Nixon Vanderhye is dedicated to delivering efficient partner-level attention and creativity to every representation. Clients across the globe rely on the skill, deep technical understanding, and legal acumen of our attorneys and registered Patent Agents to obtain protection in the United States. Likewise, clients routinely depend on the practice’s extensive international network of trusted contacts and close working relationships with foreign firms when pursuing patent protection in jurisdictions around the world.
Clients also benefit from the wide range of legal, corporate, industry, and government experience that Nixon Vanderhye lawyers bring to the table. Many firm attorneys have past experience examining patents at the U.S. Patent and Trademark Office (USPTO); working at various government agencies; serving as clerks to federal appellate and district court judges; and holding in-house counsel or technical positions in the private sector. Our team includes lawyers with advanced degrees in a variety of science and engineering disciplines.
We work with a diverse group of clients, from Fortune 500 companies and universities to startups and individual inventors. We routinely handle inventions encompassing the latest technologies, including:
- Next Generation Antibody, Nucleic Acid, Chemical, and Cell-Based Therapeutics and Diagnostics; Genome Editing; Cell and Tissue Engineering; and Drug Discovery, Formulation, and Delivery Platforms.
- Artificial Intelligence (AI), Machine Learning, and Data Science
- Healthcare Technology and Medical Devices
- Fintech and Blockchain
- Communication Protocols and IoT
The comprehensive array of services provided by our Patent team includes:
Preparation & Prosecution
Nixon Vanderhye’s approach begins with a thorough examination of both what to protect and how to best protect it. We work directly with inventors in order to draft applications that provide comprehensive detailed descriptions and strategic claims. We then develop a patent prosecution strategy that aligns with our clients’ goals.
Our team is particularly proud of the work we have done for one of the world’s leading manufacturers of consumer electronics. Over the course of more than three decades, we have procured thousands of patents covering their hardware systems and software releases. We are also proud of our work with a start-up, defining and executing on a strategy to lock up design and utility protection for a stylish, collapsible bike helmet before the invention attracted the attention of competitors. With each representation, we provide added value through creatively framing the innovation for success and ensuring it fits – both horizontally and vertically – within key markets and industries.
In addition to working with the USPTO to obtain domestic patents, the close working relationships we have established with law firms in other countries is a tremendous asset to our clients. Through this network, we help clients secure patent protection in the European Union, Japan, Australia, New Zealand, China, and across the globe. In turn, we routinely work with our partners around the world to help secure protection in the U.S. for inventions originating abroad.

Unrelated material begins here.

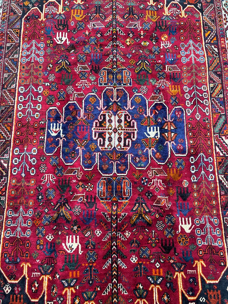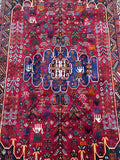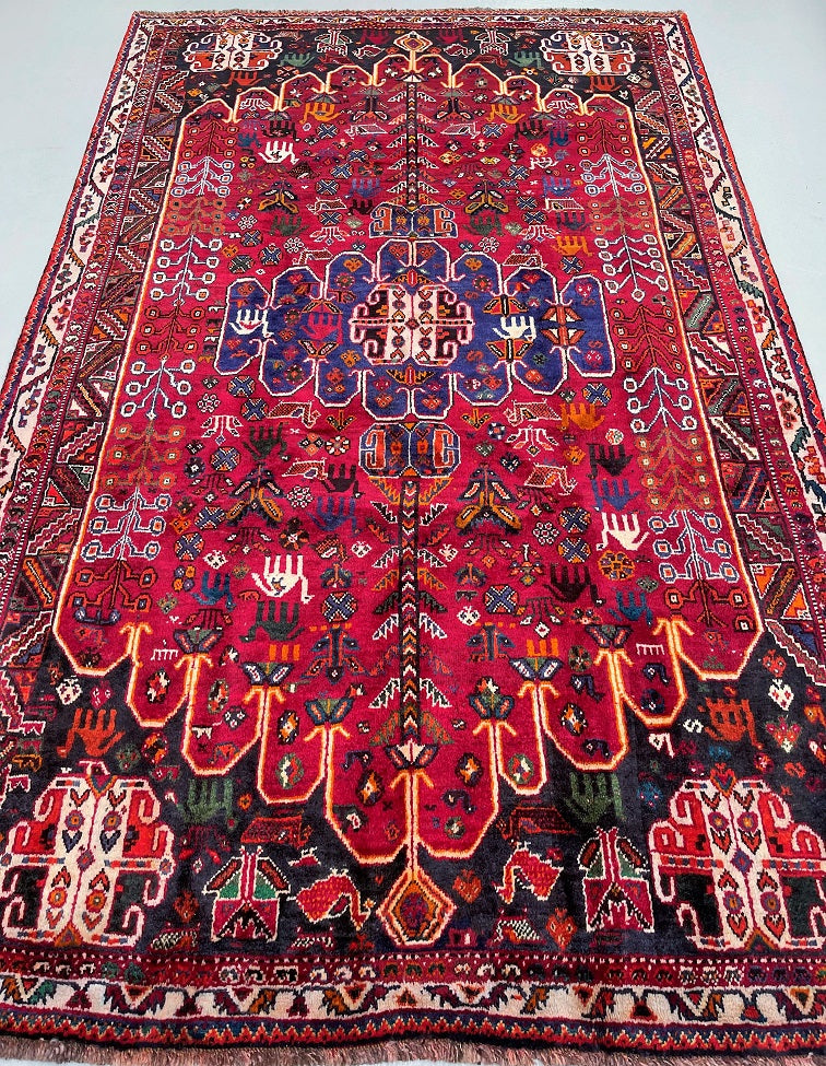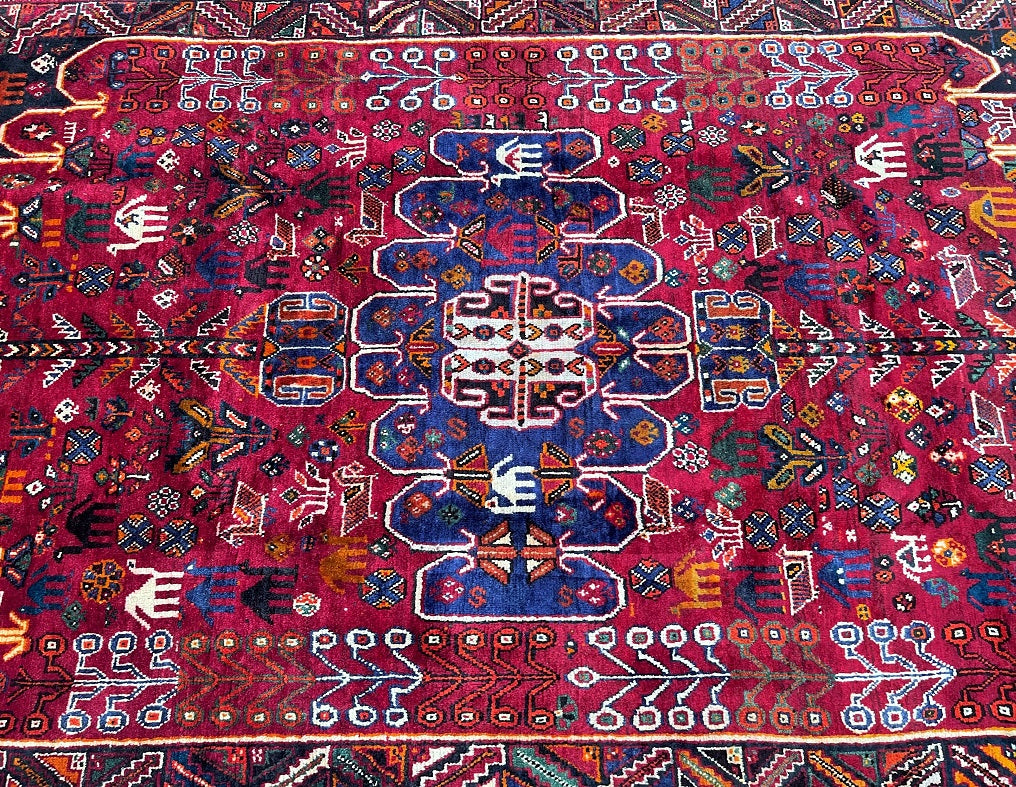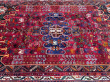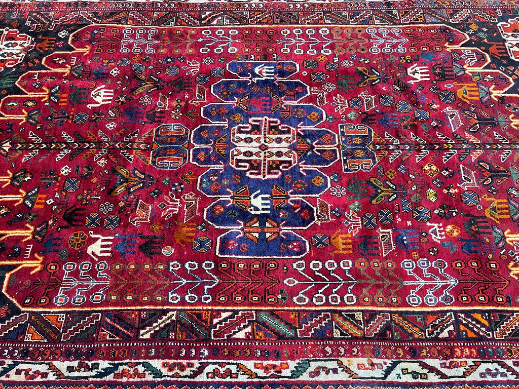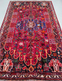 Stunning Room Size Double Knotted Persian Qashqai Shiraz Rug. It Has a Dense Pure Hand Spun Wool Pile On Wool Base. Deep Maroon Red, Beige, Blue, Green, Brown, Yellow, Orange and Black Tone Dyed Using Traditional Methods.
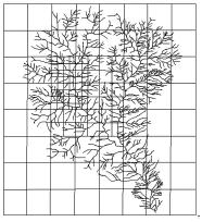 根据分形理论,要计算出水系的盒维数值,就要将研究区域划分为多个方格,而且要不断的变换研究区域内小方格的尺寸,计算出不同尺度下被占用的方格数,将其与尺度指标对应,将数据作于双对数坐标上,方可求出盒维数值。

Nixon Vanderhye is solidly positioned to handle Patent Trial and Appeal Board (PTAB) inter partes review (IPR), post-grant review (PGR), covered business method review (CBM) proceedings, and Federal Circuit appeals – where patent prosecution and patent litigation converge. Our deep experience includes representing patent owners whose patents are challenged, and petitioners challenging the validity of granted patents. Our Arlington, Virginia, location provides convenient access to the USPTO and the Federal Circuit.
Because of our stellar reputation for crafting detailed, comprehensive patent applications, and our reputation for efficiently handling litigations of all sizes, our team is uniquely positioned to advocate in post-grant proceedings. We are proud to defend patent claims that we have procured and to take up the defense of patents procured by others.
In connection with a worldwide patent dispute between two industry giants, we successfully defended 95% of the claims at issue across multiple patents – a result that far exceeds the national average that is less than a third of that amount. Acting as petitioner, we secured a victory for a longstanding client who had been sued for patent infringement in U.S. District Court, invalidating 100% of 87 challenged claims across six different patents.
In addition to working side by side with members of the Nixon Vanderhye Patent Litigation team, we are frequently retained by general practice firms and in-house lawyers to provide patent post-grant advice and services in connection with companion district court litigation. When we partner in this manner, we often take the lead on post-grant proceedings. We work collaboratively to define specific legal strategies and flesh out technical positions critical to successful outcomes in complex patent litigations.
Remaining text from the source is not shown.